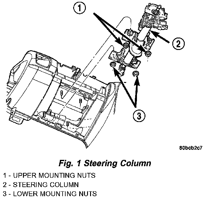 6. Align the slots in the mounting brackets on the steering column with the studs in the instrument panel Attach the column to the instrument panel by first installing the two upper mounting nuts (Do not completely tighten the two upper mounting nuts at this time). Next, install the two lower mounting nuts. Tighten all four mounting nuts to a torque of 17 Nm (150 inch lbs.).
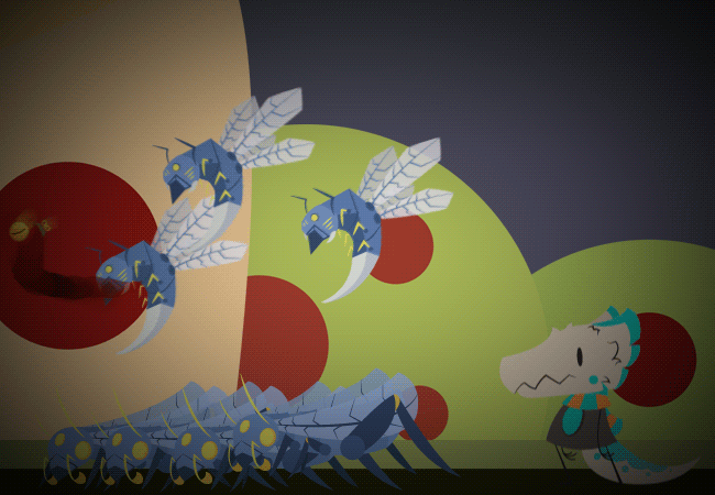 Cobalt grabs Apollo. He attempts to cling to her but is no match for Cobalt power. Cobalt flings him in hopes of distracting the arc wasps and crickets. It works.
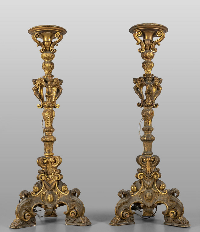 Lotto 0193 | Coppia di torcere in legno intagliato e dorato,
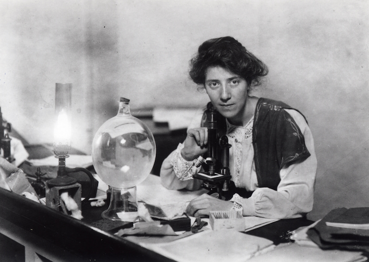 Marie Stopes in her laboratory at the Victoria University of Manchester, c.1904.
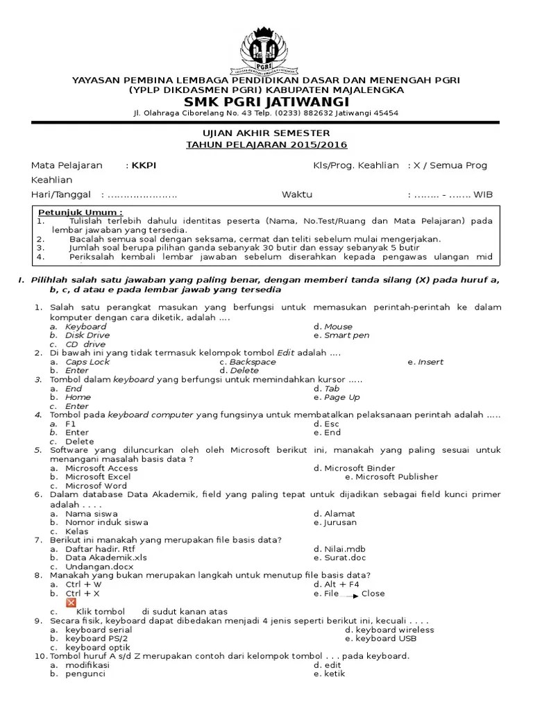 Oke, berikut soal kkpi pilihan ganda dan jawaban:
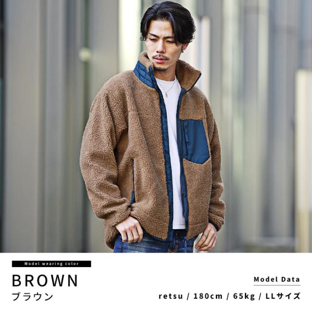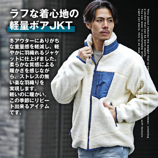 【送料無料】ボア ジャケット メンズ 大人 ボア ブルゾン ボアジャケット ボアブルゾン ベージュ ブラウン 黒 ブラック 白 ホワイト スタンドネック スタンドカラー ハイネック アウター ライトアウター 軽量 もこもこ 冬 冬服 冬物 秋冬 メンズファッション 冬新作 新作 at_f
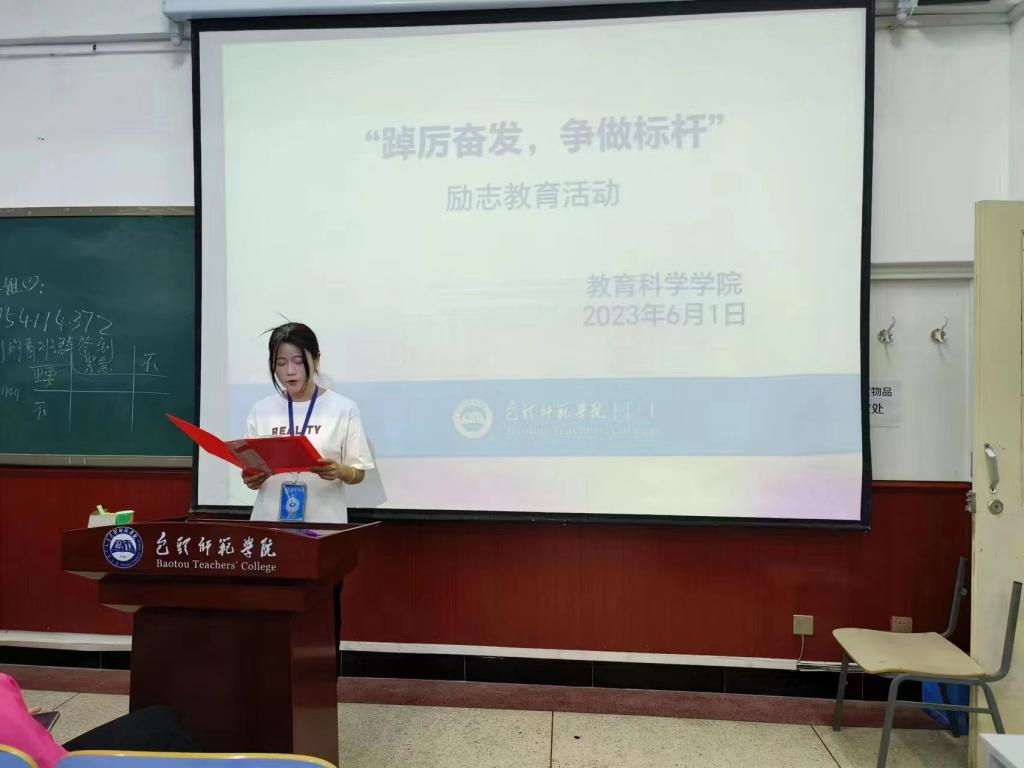 为深入学习贯彻习近平新时代中国特色社会主义思想主题教育,持续抓好学风班风建设,讲好成才故事,树立优秀学生典型,充分发挥榜样辐射作用,激发同学们奋发向上,励志成才。6月1日下午教育科学学院在博西104、博东311、博东407举办“踔厉奋发,争做标杆”励志教育活动,2022级全体学生参加。
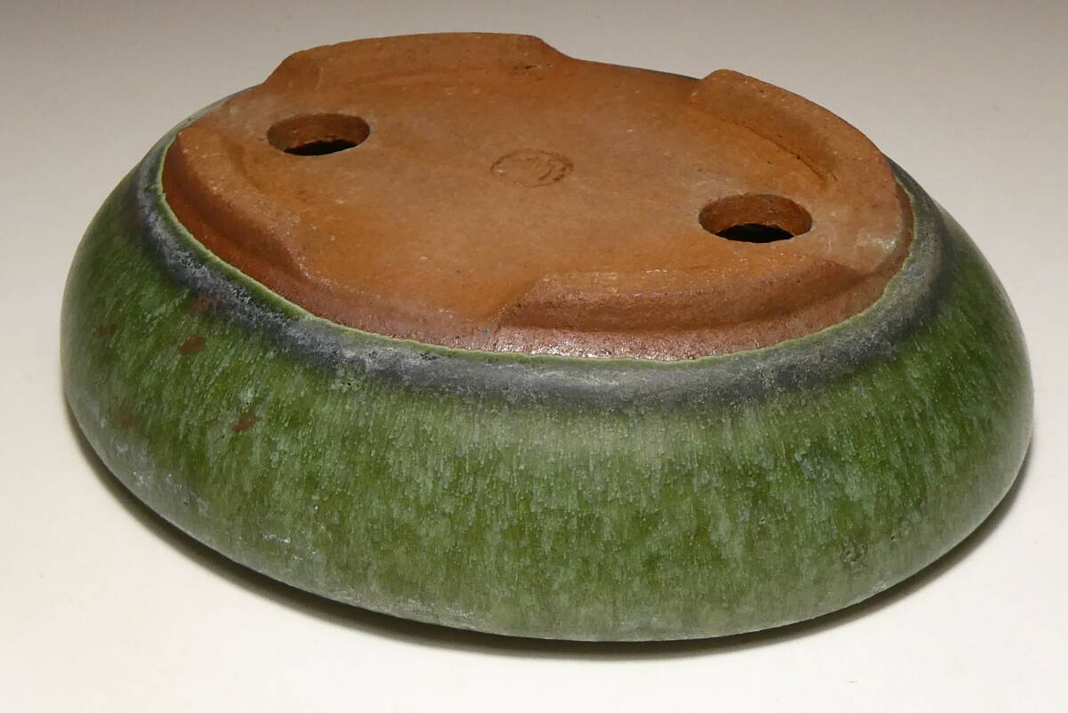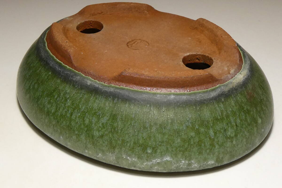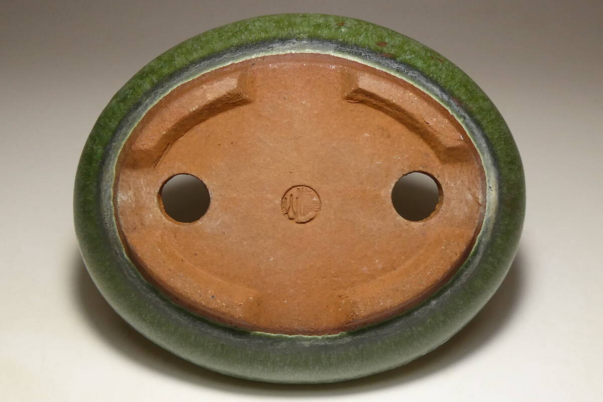 ▼耀山 緑釉楕円鉢 13.6×11.2×3.5cm の素敵な逸品です●落款:画像参照 ●中古(使用に伴うキズや汚れはご了承ください)
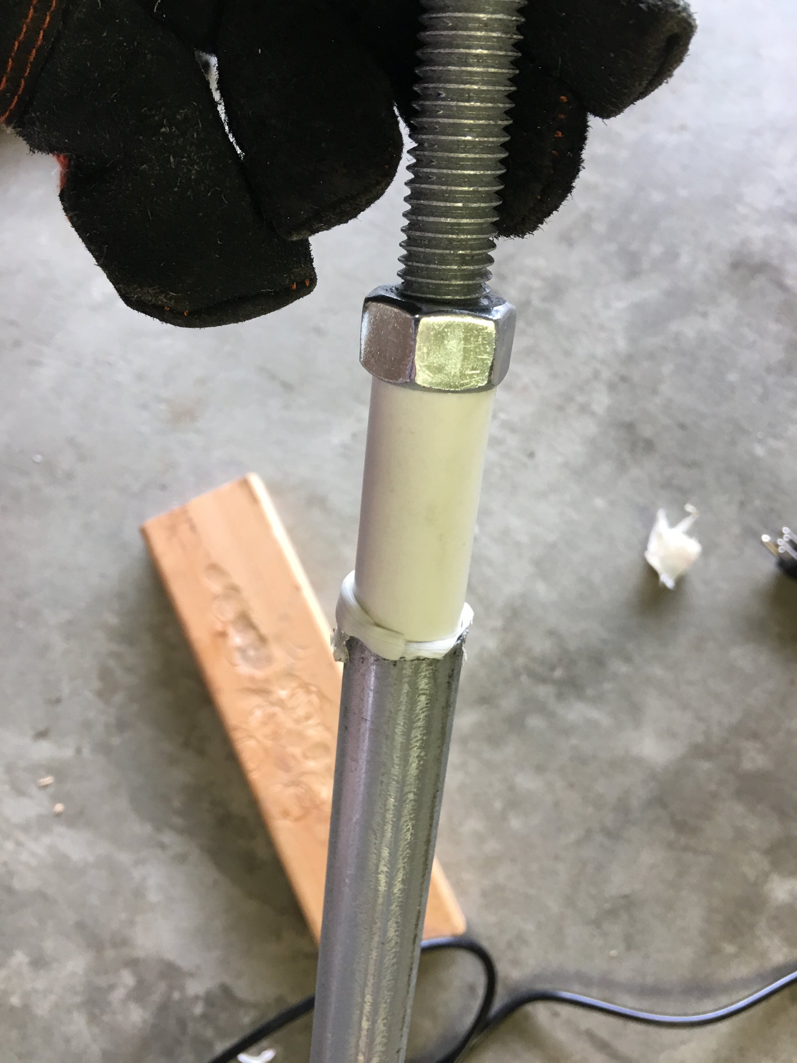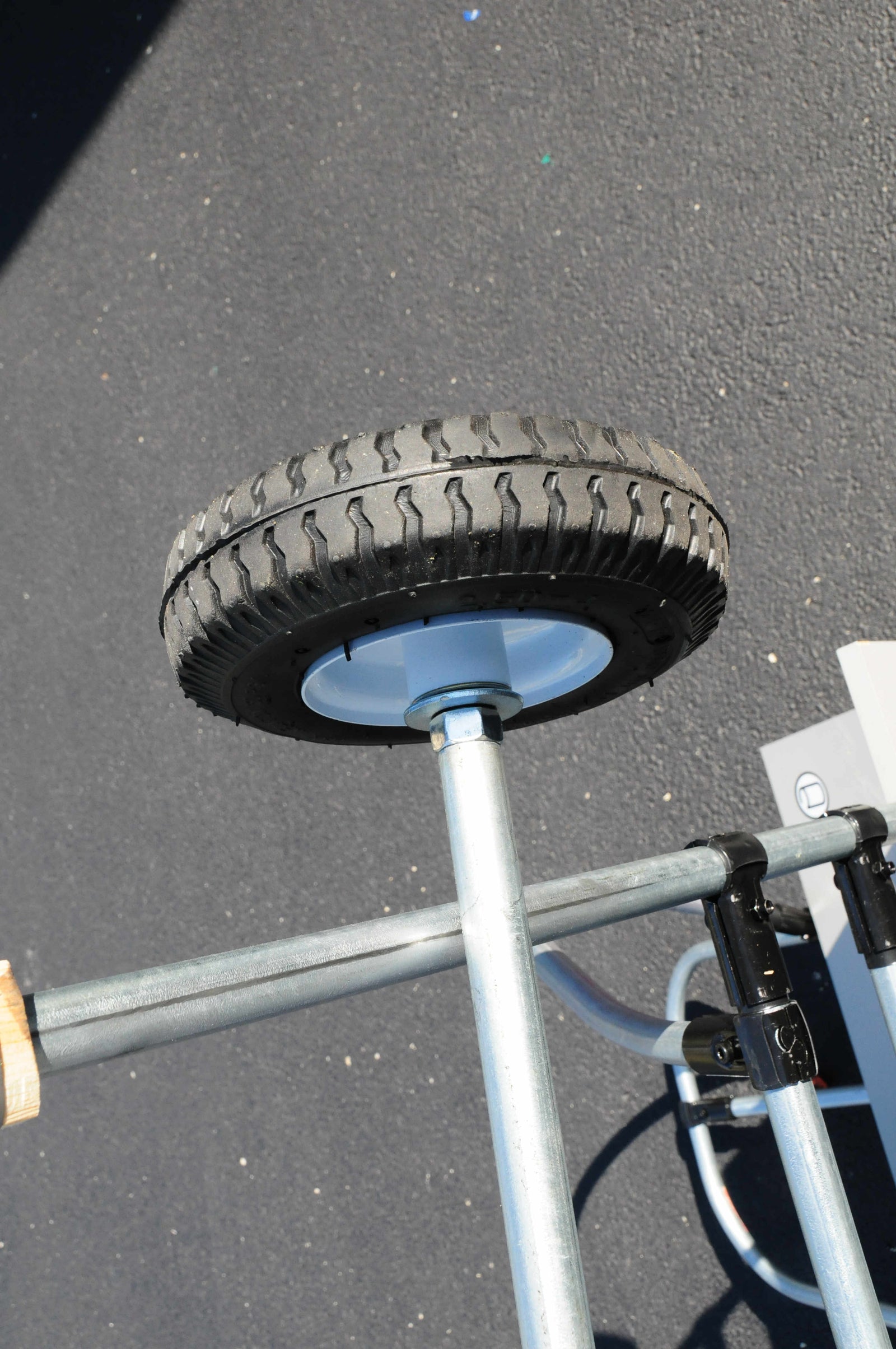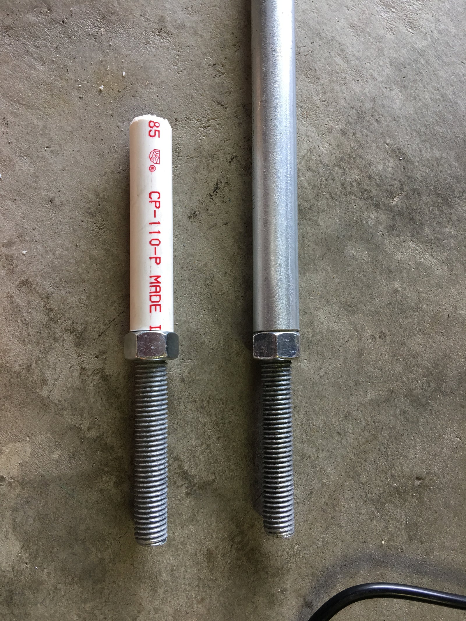 The wheels were done by putting threaded rod all the way through the conduit to act as an axle. They used PVC pipe as a bushing in between the threaded rod and inside diameter of the electrical conduit. This looks to be a great approach and would work for many different types of builds. Threaded rod like this can be purchased from your local hardware store. They also used two nuts on the outside of the wheel, which is a common way of locking them into position.

» **About this exercise**
Produce an exact reproduction of the listing above, limited to the lines starting at the line with "Cobalt grabs Apollo." and ending at the line with "13.6×11.2×3.5cm の素敵な逸品です●落款:画像参照 ●中古(使用に伴うキズや汚れはご了承ください)", both kept, with every picture left out.

» **Your response**
 Cobalt grabs Apollo. He attempts to cling to her but is no match for Cobalt power. Cobalt flings him in hopes of distracting the arc wasps and crickets. It works.
 Lotto 0193 | Coppia di torcere in legno intagliato e dorato,
 Marie Stopes in her laboratory at the Victoria University of Manchester, c.1904.
 Oke, berikut soal kkpi pilihan ganda dan jawaban:
 【送料無料】ボア ジャケット メンズ 大人 ボア ブルゾン ボアジャケット ボアブルゾン ベージュ ブラウン 黒 ブラック 白 ホワイト スタンドネック スタンドカラー ハイネック アウター ライトアウター 軽量 もこもこ 冬 冬服 冬物 秋冬 メンズファッション 冬新作 新作 at_f
 为深入学习贯彻习近平新时代中国特色社会主义思想主题教育,持续抓好学风班风建设,讲好成才故事,树立优秀学生典型,充分发挥榜样辐射作用,激发同学们奋发向上,励志成才。6月1日下午教育科学学院在博西104、博东311、博东407举办“踔厉奋发,争做标杆”励志教育活动,2022级全体学生参加。
 ▼耀山 緑釉楕円鉢 13.6×11.2×3.5cm の素敵な逸品です●落款:画像参照 ●中古(使用に伴うキズや汚れはご了承ください)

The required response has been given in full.